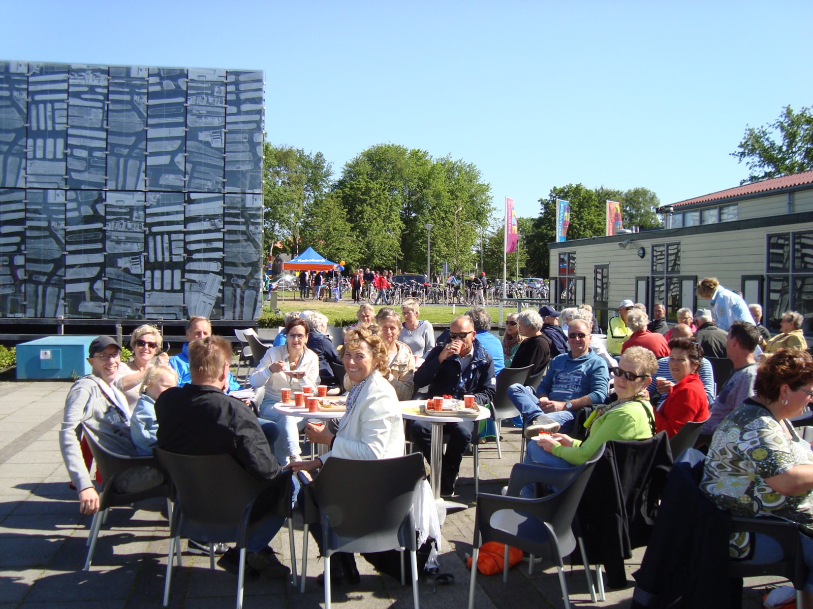 Afgelopen zaterdag 6 juni trokken 13 mannen en vrouwen met een Dinto-hart op de fiets door de regio. De jaarlijkse Rabobank Fietssponsortocht stond weer op het programma. Er werd gestart bij De Bongerd in Kalverdijk en er werd gefietst langs Tuitjenhorn en door het Geestmerambacht naar de Broekerveiling alwaar een stempelpost te vinden was. Daar aangekomen werd er opgestoken voor koffie/thee/limonade met een flinke punt gebak met muzikale begeleiding van een rood/wit gekleurd dameskoor. Na deze versnapering werd de tocht voortgezet langs de Rabobank aan de Voorburggracht (stempelpost) richting De Buizerd en daarna via Waarland weer terug naar de Bongerd. Het tempo zat er goed in mede dankzij o.a. Cor Beemsterboer die namens de skeelervereniging ook aan het fietsen was. Zo hebben de volgende mensen weer € 300,- voor de clubkas bij elkaar gefietst: Sjaak Pronk, Sjaak Meijer, Henny Ligthart, Gerard Jongejan, José Been, Frank Filee, Anja Verkamman, Jos en Gerrie van Baar, Peter en Christa Jongejan en tot slot Joost en Lotte Goudsblom.
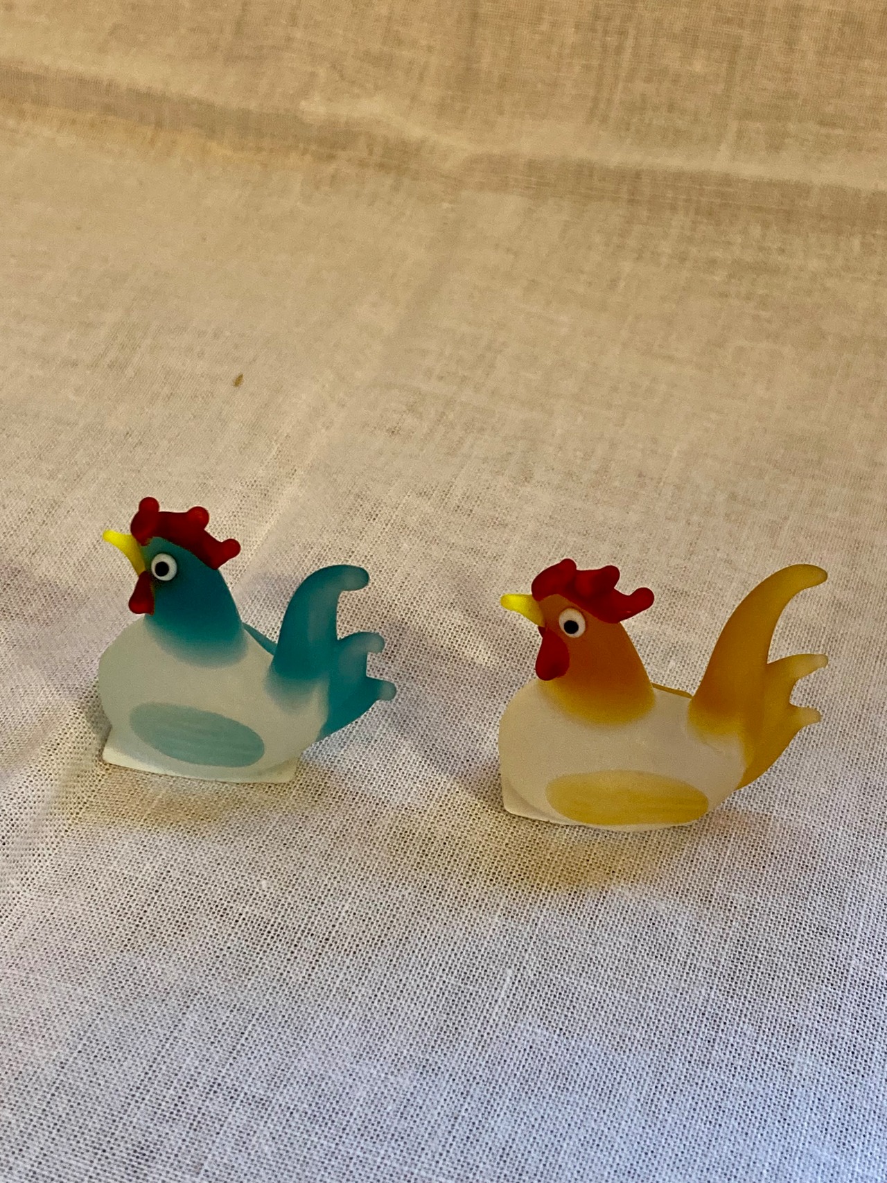 磨りガラスの可愛らしいニワトリの置物
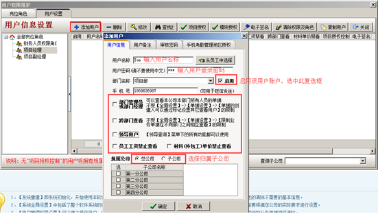 輸入用戶名稱(可從員工中選擇),輸入用戶“登錄密碼”,選擇“部門名稱”,啟用該用戶則可勾選“啟用”的復選框,可按照用戶的崗位及權限選擇對應的查看權限,選擇用戶歸屬子公司。
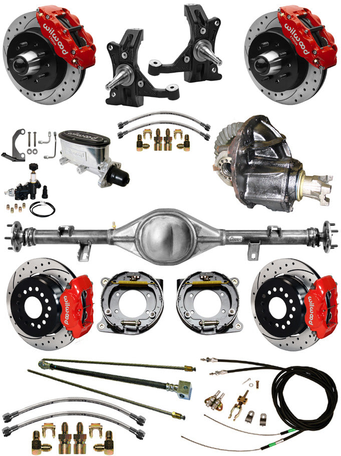 This specific set features 2" Drop Spindles and Wilwood brakes with 12" Front & 12" Rear Drilled Rotors and Red Calipers.
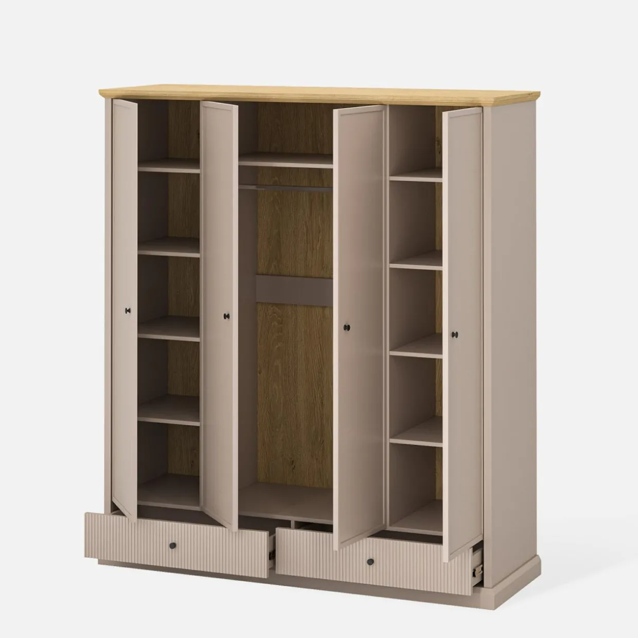 Szafa IDELLO w odcieniach taupe i dębu kamiennego dodaje sypialni elegancji i nowoczesności. Warto zestawić ją z dodatkami w odcieniach szarości, bieli oraz złota, aby podkreślić jej unikalny charakter.
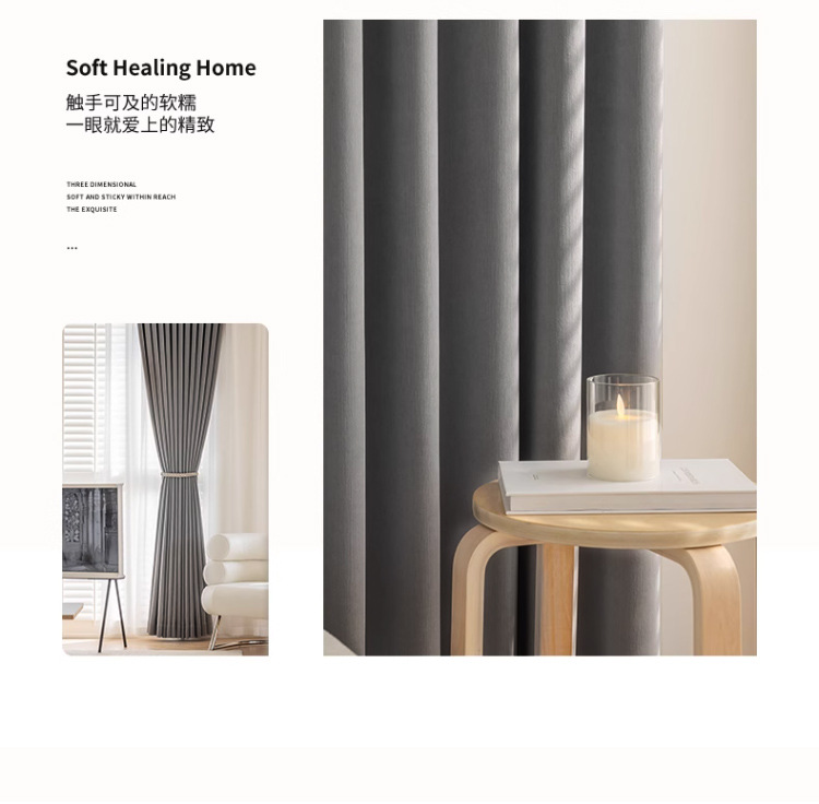 紹興柯橋全遮光断熱柔らかいシェニール寝室客間現代シンプルで贅沢なカーテン生地卸売り
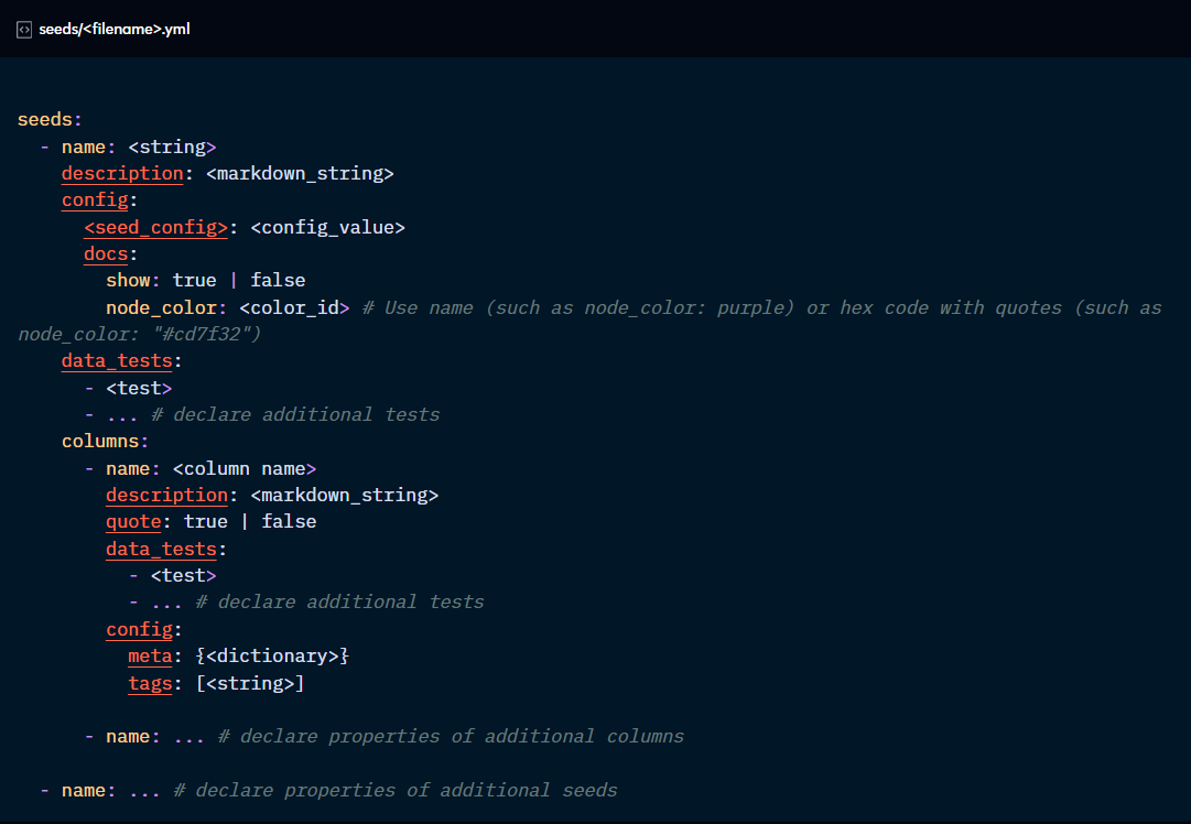 Definition, properties, and configurations for Seeds and the dbt seed command.

++++++

## GOAL OF THE EXERCISE
The output must be every line of the records, printed exactly, with the pictures omitted.

## TASK SOLUTION
 Afgelopen zaterdag 6 juni trokken 13 mannen en vrouwen met een Dinto-hart op de fiets door de regio. De jaarlijkse Rabobank Fietssponsortocht stond weer op het programma. Er werd gestart bij De Bongerd in Kalverdijk en er werd gefietst langs Tuitjenhorn en door het Geestmerambacht naar de Broekerveiling alwaar een stempelpost te vinden was. Daar aangekomen werd er opgestoken voor koffie/thee/limonade met een flinke punt gebak met muzikale begeleiding van een rood/wit gekleurd dameskoor. Na deze versnapering werd de tocht voortgezet langs de Rabobank aan de Voorburggracht (stempelpost) richting De Buizerd en daarna via Waarland weer terug naar de Bongerd. Het tempo zat er goed in mede dankzij o.a. Cor Beemsterboer die namens de skeelervereniging ook aan het fietsen was. Zo hebben de volgende mensen weer € 300,- voor de clubkas bij elkaar gefietst: Sjaak Pronk, Sjaak Meijer, Henny Ligthart, Gerard Jongejan, José Been, Frank Filee, Anja Verkamman, Jos en Gerrie van Baar, Peter en Christa Jongejan en tot slot Joost en Lotte Goudsblom.
 磨りガラスの可愛らしいニワトリの置物
 輸入用戶名稱(可從員工中選擇),輸入用戶“登錄密碼”,選擇“部門名稱”,啟用該用戶則可勾選“啟用”的復選框,可按照用戶的崗位及權限選擇對應的查看權限,選擇用戶歸屬子公司。
 This specific set features 2" Drop Spindles and Wilwood brakes with 12" Front & 12" Rear Drilled Rotors and Red Calipers.
 Szafa IDELLO w odcieniach taupe i dębu kamiennego dodaje sypialni elegancji i nowoczesności. Warto zestawić ją z dodatkami w odcieniach szarości, bieli oraz złota, aby podkreślić jej unikalny charakter.
 紹興柯橋全遮光断熱柔らかいシェニール寝室客間現代シンプルで贅沢なカーテン生地卸売り
 Definition, properties, and configurations for Seeds and the dbt seed command.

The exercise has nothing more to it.